Records from a data collection:
------------------------
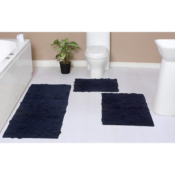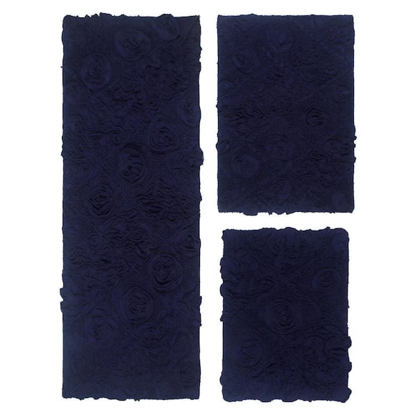 Modesto Bath Rug 100% Cotton Bath Rugs Set, 3-Pcs Set with Runner, Navy
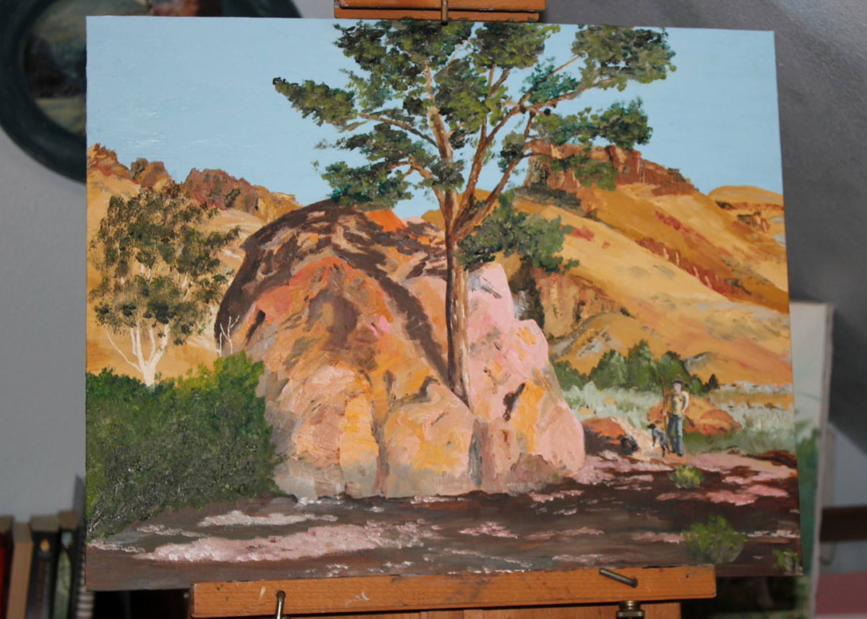 This is an unfinished oil painting that I am actively working on. I need to finish the foreground and the highlights on the bushes. Early sunrise at Pike Creek Trail Head on Steens Mountain. It’s been a stretch for me: I did a lot of palette knife work on this. I’ve never worked with the palette knife before.
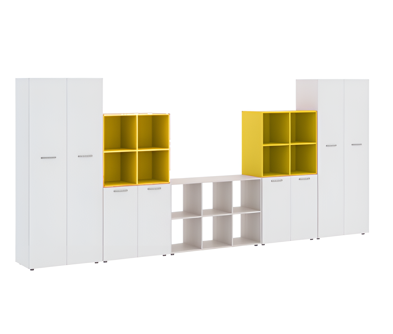 Шкаф модульный Multicab состоит из нескольких шкафов для одежды и открытых полок, оснащен регулируемыми ножками. Возможность выбора цвета вставок
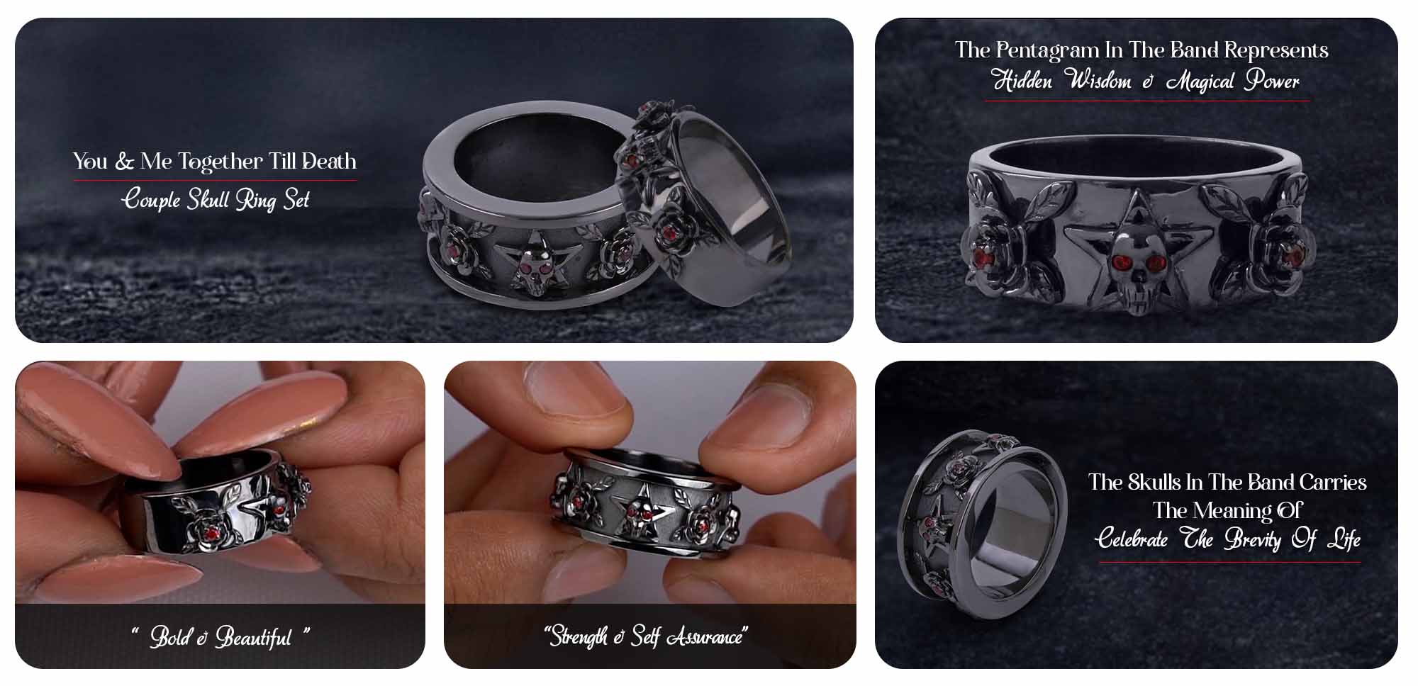 Five stars! This is our second anniversary, and these rings were the perfect gift. The detailing on the skulls is so intricate. They feel very solid and high-quality, Great craftsmanship, fast shipping, and beautiful packaging.
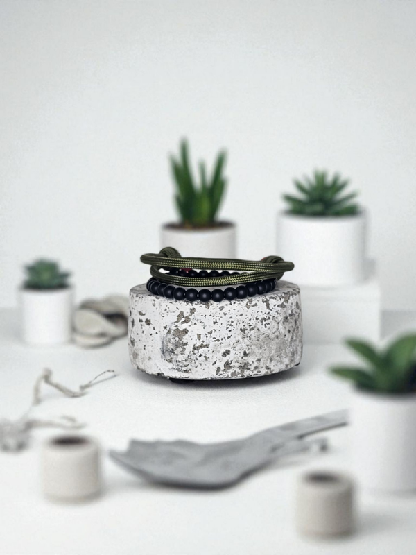 Een mooie 2 delig heren armband, bestaan uit een flexibele lavastenen kralen armband en een mooie in grote verstelbare stoere groene koord armband.
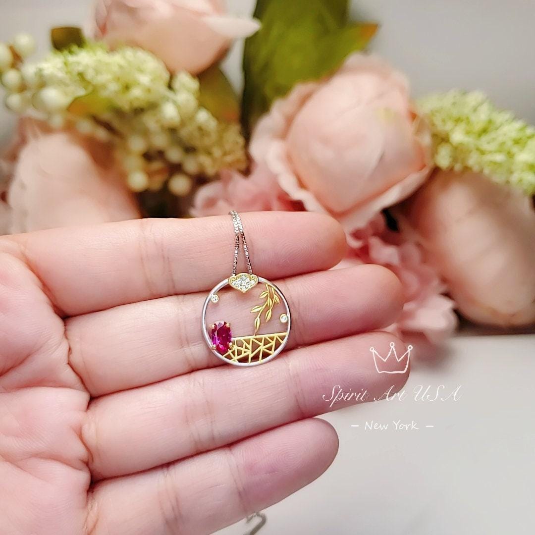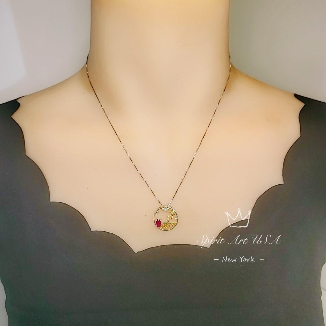 Exactly as described. This is a unique pendent. The only concern I had was the one I received has some splotchy gold coating. I gave it a few rubs with a cloth but i didn’t see any coating come off. It’s not a big deal as the price wasn’t expensive so I wasn’t expecting top quality material as it is both silver and gold coloring. I wasn’t to concerned and decided to keep it without needing to reach out to seller. Still a very nice piece of jewelry. Thankfully the person I gave it to didn’t mind.
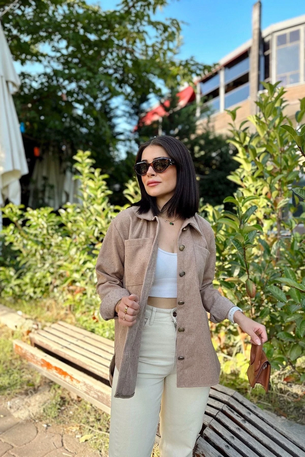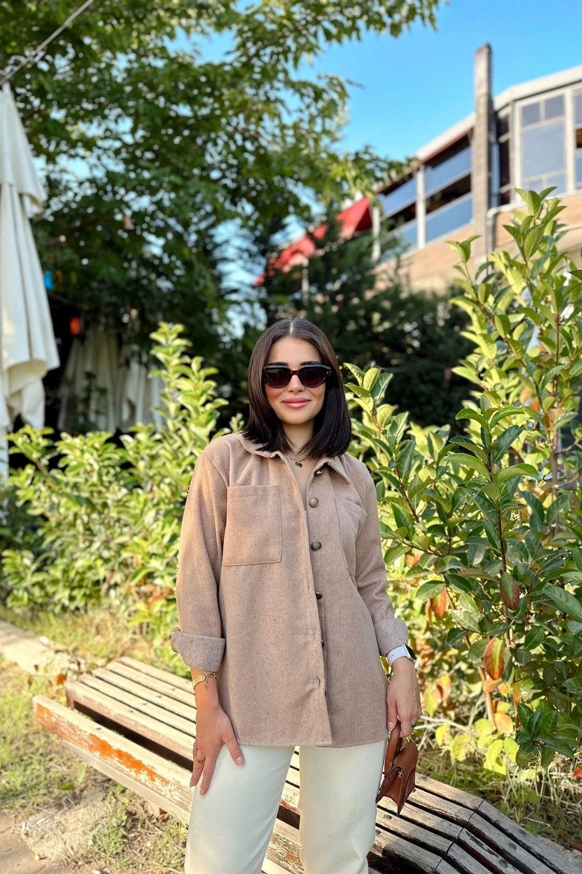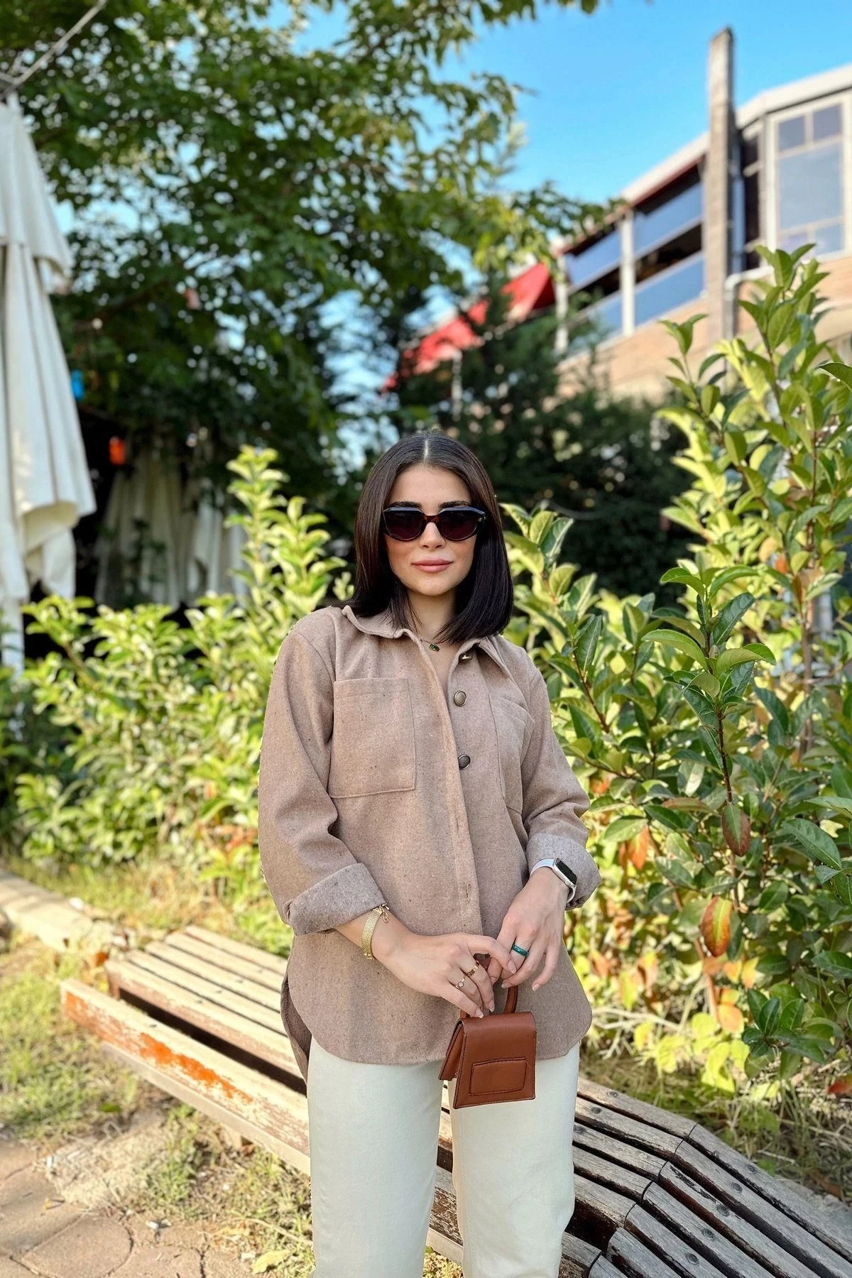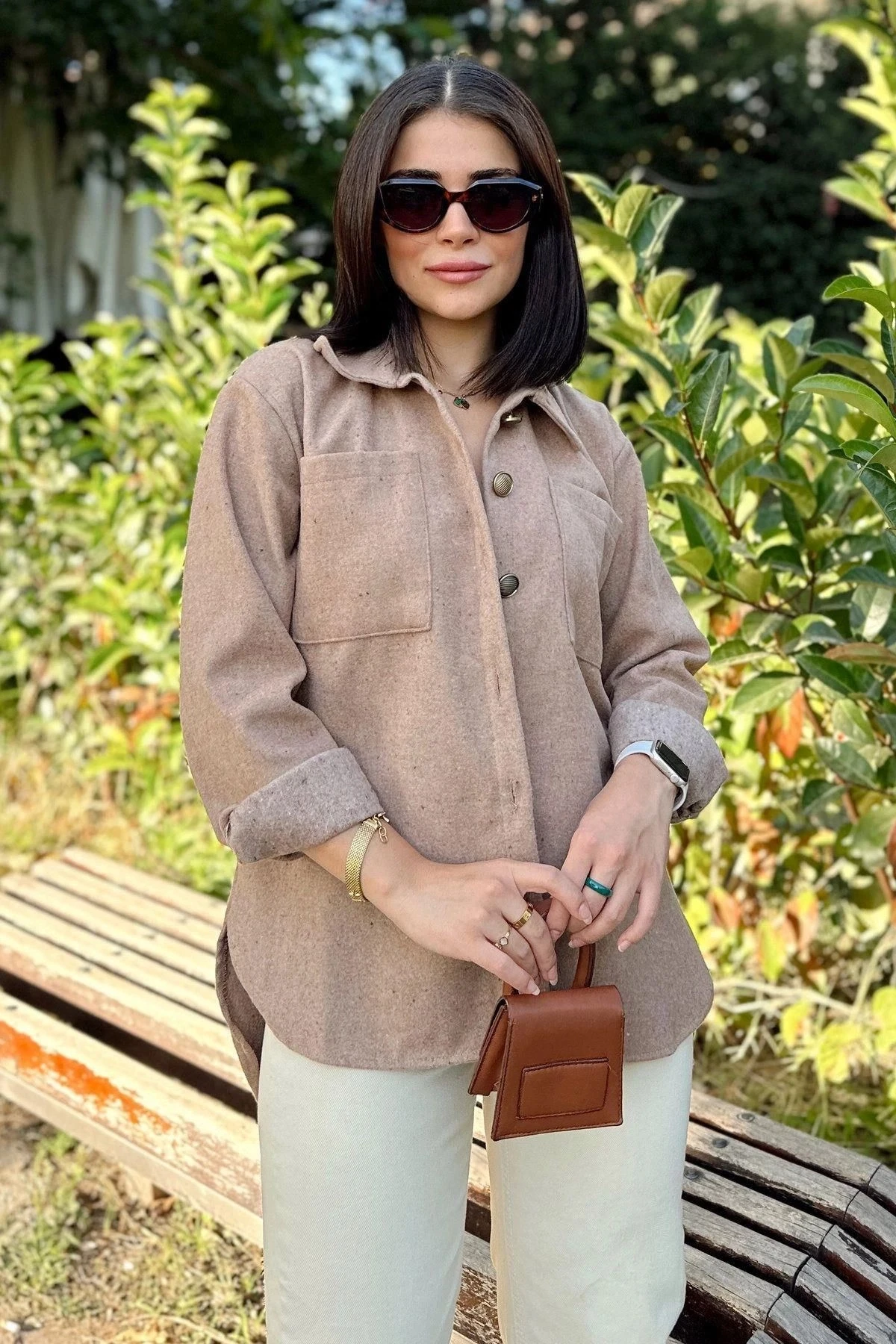 Kadın Vizon Uzun Kol, Çift Cepli, Eteği Oval Kesim, Kaşe Gömlek Ceket
------------------------
**What you are asked to do**. Give the records a second time exactly, keeping the images out.

**Task solution**.
 Modesto Bath Rug 100% Cotton Bath Rugs Set, 3-Pcs Set with Runner, Navy
 This is an unfinished oil painting that I am actively working on. I need to finish the foreground and the highlights on the bushes. Early sunrise at Pike Creek Trail Head on Steens Mountain. It’s been a stretch for me: I did a lot of palette knife work on this. I’ve never worked with the palette knife before.
 Шкаф модульный Multicab состоит из нескольких шкафов для одежды и открытых полок, оснащен регулируемыми ножками. Возможность выбора цвета вставок
 Five stars! This is our second anniversary, and these rings were the perfect gift. The detailing on the skulls is so intricate. They feel very solid and high-quality, Great craftsmanship, fast shipping, and beautiful packaging.
 Een mooie 2 delig heren armband, bestaan uit een flexibele lavastenen kralen armband en een mooie in grote verstelbare stoere groene koord armband.
 Exactly as described. This is a unique pendent. The only concern I had was the one I received has some splotchy gold coating. I gave it a few rubs with a cloth but i didn’t see any coating come off. It’s not a big deal as the price wasn’t expensive so I wasn’t expecting top quality material as it is both silver and gold coloring. I wasn’t to concerned and decided to keep it without needing to reach out to seller. Still a very nice piece of jewelry. Thankfully the person I gave it to didn’t mind.
 Kadın Vizon Uzun Kol, Çift Cepli, Eteği Oval Kesim, Kaşe Gömlek Ceket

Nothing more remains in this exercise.